Assigned task >>
Start at the line in the entries below that contains "为了弘扬大别山红色文化,更好", stop at the line that contains "Traditional farmers plant", and output exactly the lines in that span, both ends included.

Given entries >>
============================================================
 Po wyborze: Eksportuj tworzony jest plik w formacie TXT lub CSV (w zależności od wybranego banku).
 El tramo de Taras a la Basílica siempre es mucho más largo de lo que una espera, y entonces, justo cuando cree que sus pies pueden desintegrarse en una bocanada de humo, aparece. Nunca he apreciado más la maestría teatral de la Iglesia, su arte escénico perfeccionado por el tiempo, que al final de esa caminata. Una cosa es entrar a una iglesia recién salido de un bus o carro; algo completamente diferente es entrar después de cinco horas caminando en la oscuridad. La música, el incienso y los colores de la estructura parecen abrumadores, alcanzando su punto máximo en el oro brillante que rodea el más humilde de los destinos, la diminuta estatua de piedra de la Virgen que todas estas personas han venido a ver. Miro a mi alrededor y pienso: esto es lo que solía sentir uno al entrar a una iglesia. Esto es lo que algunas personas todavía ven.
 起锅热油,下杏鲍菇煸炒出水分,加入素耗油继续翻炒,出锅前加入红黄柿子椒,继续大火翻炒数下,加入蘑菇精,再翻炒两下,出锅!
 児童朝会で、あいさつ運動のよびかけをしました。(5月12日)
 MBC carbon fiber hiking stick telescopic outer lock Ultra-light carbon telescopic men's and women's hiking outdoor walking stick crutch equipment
============================================================
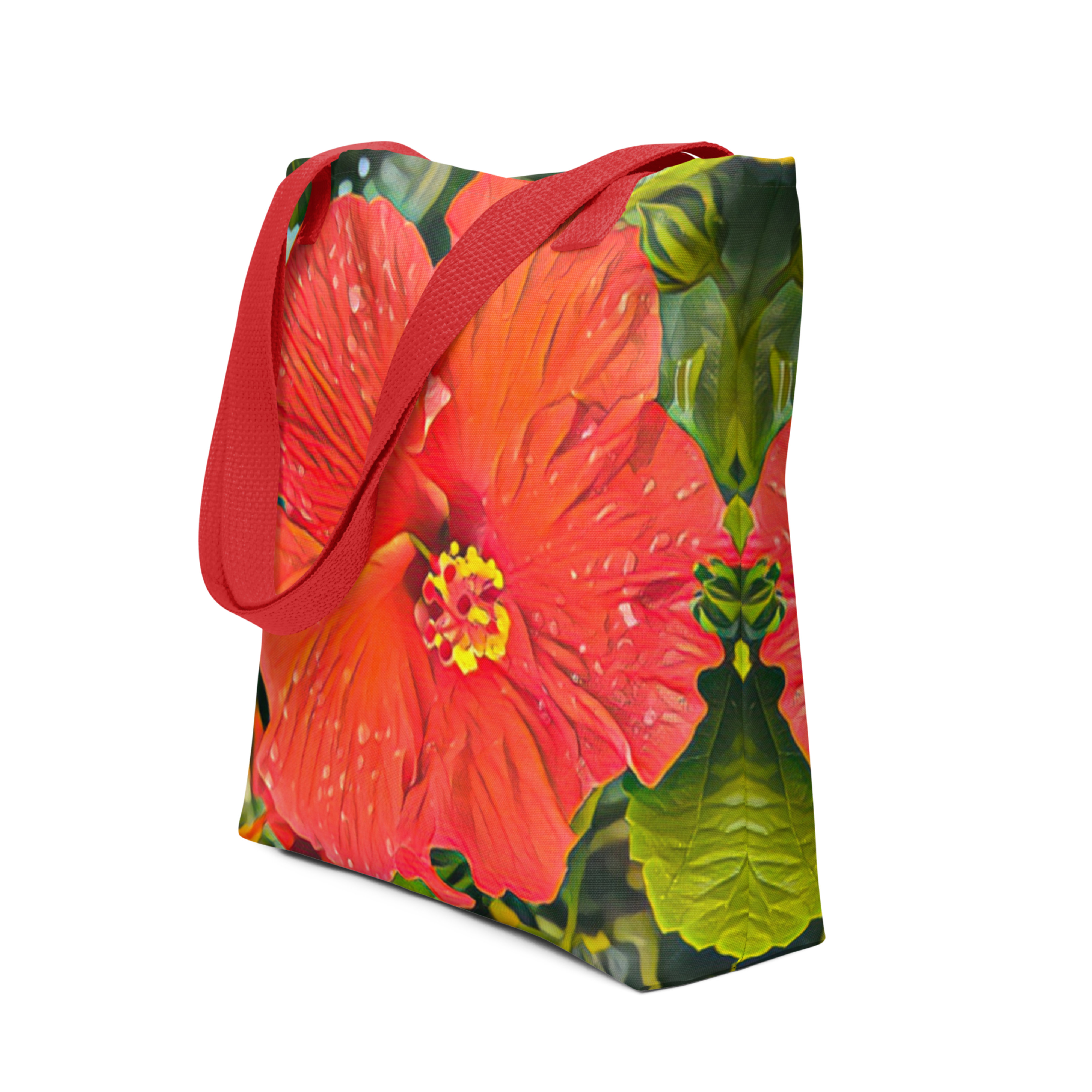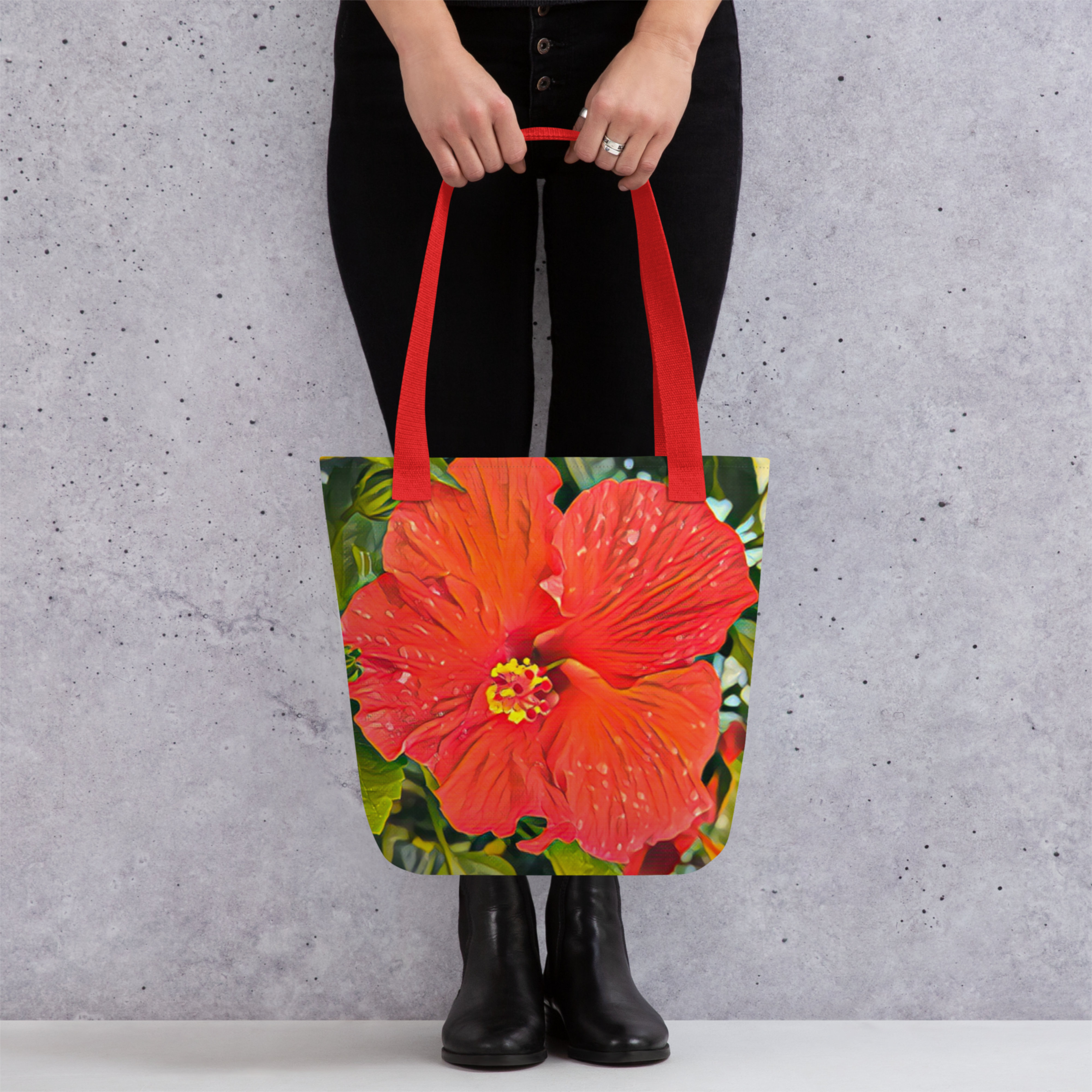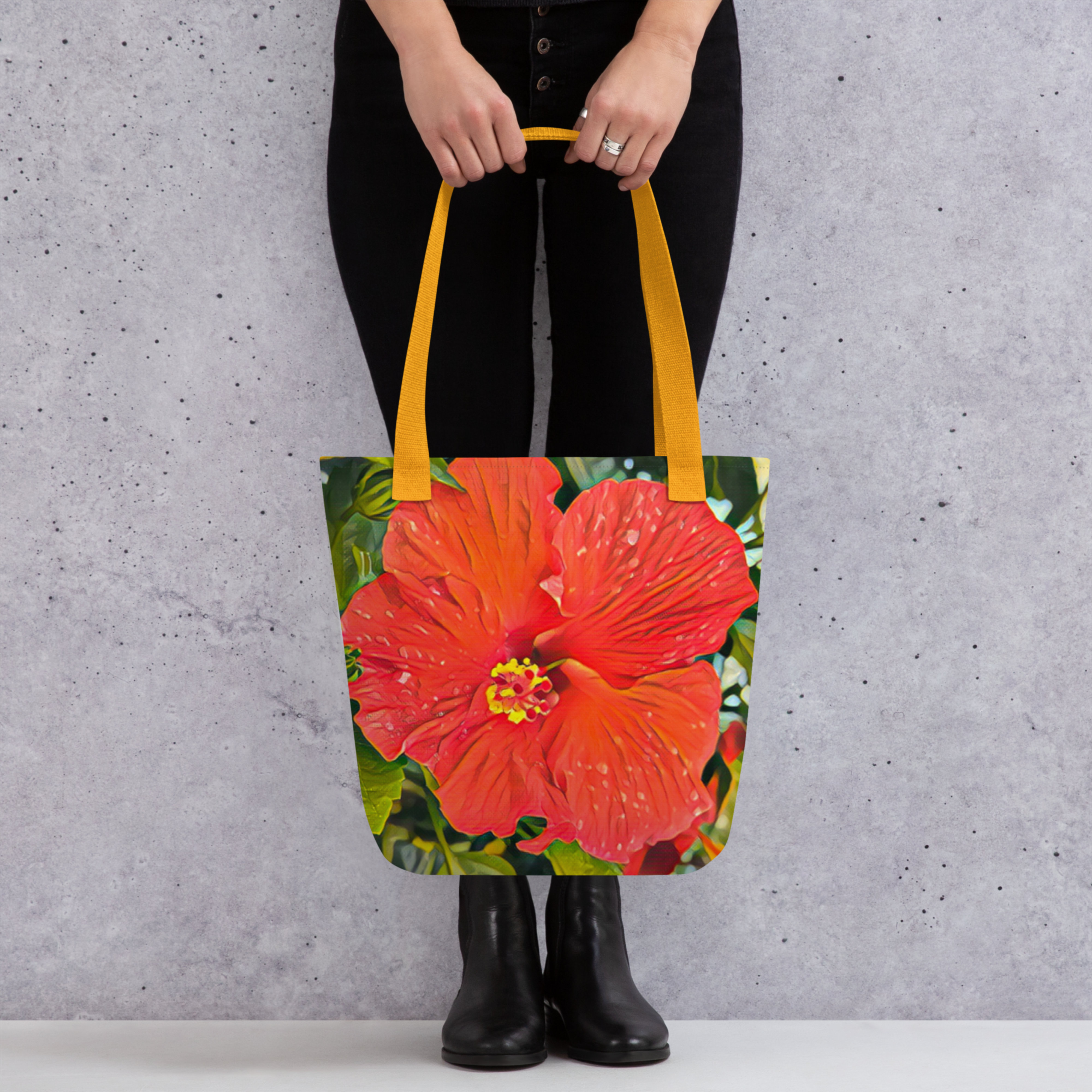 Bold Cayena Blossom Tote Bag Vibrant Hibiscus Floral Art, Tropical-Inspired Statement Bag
============================================================
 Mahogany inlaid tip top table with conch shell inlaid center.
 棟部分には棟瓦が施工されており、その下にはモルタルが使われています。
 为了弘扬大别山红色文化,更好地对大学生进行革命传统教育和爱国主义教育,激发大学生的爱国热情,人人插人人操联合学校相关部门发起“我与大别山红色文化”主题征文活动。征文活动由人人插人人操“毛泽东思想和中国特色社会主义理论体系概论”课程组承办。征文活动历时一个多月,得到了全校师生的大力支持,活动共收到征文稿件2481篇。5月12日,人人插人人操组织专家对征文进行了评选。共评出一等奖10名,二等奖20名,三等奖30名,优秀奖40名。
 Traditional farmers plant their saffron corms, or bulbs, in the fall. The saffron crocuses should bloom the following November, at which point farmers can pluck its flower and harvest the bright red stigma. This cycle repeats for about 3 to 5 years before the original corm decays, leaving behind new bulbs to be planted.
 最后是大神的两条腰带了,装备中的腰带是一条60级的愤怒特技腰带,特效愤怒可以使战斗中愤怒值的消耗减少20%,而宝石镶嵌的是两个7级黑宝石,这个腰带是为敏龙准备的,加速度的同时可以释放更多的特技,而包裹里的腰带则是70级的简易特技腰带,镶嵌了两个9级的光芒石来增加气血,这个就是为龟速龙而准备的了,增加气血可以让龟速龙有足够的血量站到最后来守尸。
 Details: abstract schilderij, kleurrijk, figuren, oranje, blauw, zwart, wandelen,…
============================================================
Answer to this problem >>
 为了弘扬大别山红色文化,更好地对大学生进行革命传统教育和爱国主义教育,激发大学生的爱国热情,人人插人人操联合学校相关部门发起“我与大别山红色文化”主题征文活动。征文活动由人人插人人操“毛泽东思想和中国特色社会主义理论体系概论”课程组承办。征文活动历时一个多月,得到了全校师生的大力支持,活动共收到征文稿件2481篇。5月12日,人人插人人操组织专家对征文进行了评选。共评出一等奖10名,二等奖20名,三等奖30名,优秀奖40名。
 Traditional farmers plant their saffron corms, or bulbs, in the fall. The saffron crocuses should bloom the following November, at which point farmers can pluck its flower and harvest the bright red stigma. This cycle repeats for about 3 to 5 years before the original corm decays, leaving behind new bulbs to be planted.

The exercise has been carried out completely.